## [Work item]
Every line of the listing below should be written out exactly, minus its pictures.

## [Supplied material]
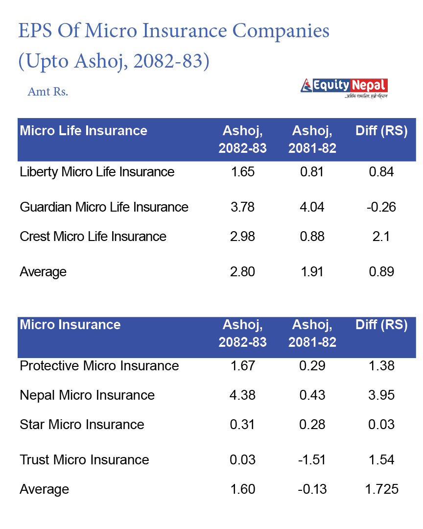 लघु बिमा कम्पनीहरुमध्ये नेपाल माइक्रो इन्सुरेन्सको प्रतिसेयर आम्दानी ४.३८ रुपैयाँ रहेको छ । औसतमा लघु जीवन बिमा कम्पनीहरुको प्रतिसेयर आम्दानी २.८० रुपैयाँ र लघु निर्जीवन बिमा कम्पनीहरुको इपीएस १.६० रुपैयाँ छ ।
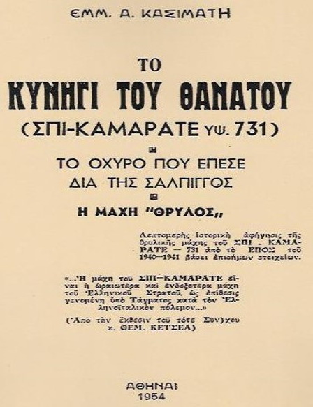 – Το βιβλίο του Εμμ. Κασιμάτη «ΤΟ ΚΥΝΗΓΙ ΤΟΥ ΘΑΝΑΤΟΥ (ΣΠΙ ΚΑΜΑΡΑΤΕ ΥΨ. 731)” – ΤΟ ΟΧΥΡΟ ΠΟΥ ΕΠΕΣΕ ΔΙΑ ΤΗΣ ΣΑΛΠΙΓΓΟΣ – Η ΜΑΧΗ “ΘΡΥΛΟΣ”».
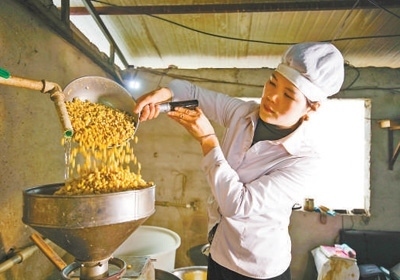 貴州省貴陽市修文縣久長(zhǎng)鎮(zhèn)孟沖村一家豆腐加工作坊,工作人員將大豆舀入打漿機(jī)加工。周訓(xùn)超攝(人民視覺)

## [Result of the exercise]
 लघु बिमा कम्पनीहरुमध्ये नेपाल माइक्रो इन्सुरेन्सको प्रतिसेयर आम्दानी ४.३८ रुपैयाँ रहेको छ । औसतमा लघु जीवन बिमा कम्पनीहरुको प्रतिसेयर आम्दानी २.८० रुपैयाँ र लघु निर्जीवन बिमा कम्पनीहरुको इपीएस १.६० रुपैयाँ छ ।
 – Το βιβλίο του Εμμ. Κασιμάτη «ΤΟ ΚΥΝΗΓΙ ΤΟΥ ΘΑΝΑΤΟΥ (ΣΠΙ ΚΑΜΑΡΑΤΕ ΥΨ. 731)” – ΤΟ ΟΧΥΡΟ ΠΟΥ ΕΠΕΣΕ ΔΙΑ ΤΗΣ ΣΑΛΠΙΓΓΟΣ – Η ΜΑΧΗ “ΘΡΥΛΟΣ”».
 貴州省貴陽市修文縣久長(zhǎng)鎮(zhèn)孟沖村一家豆腐加工作坊,工作人員將大豆舀入打漿機(jī)加工。周訓(xùn)超攝(人民視覺)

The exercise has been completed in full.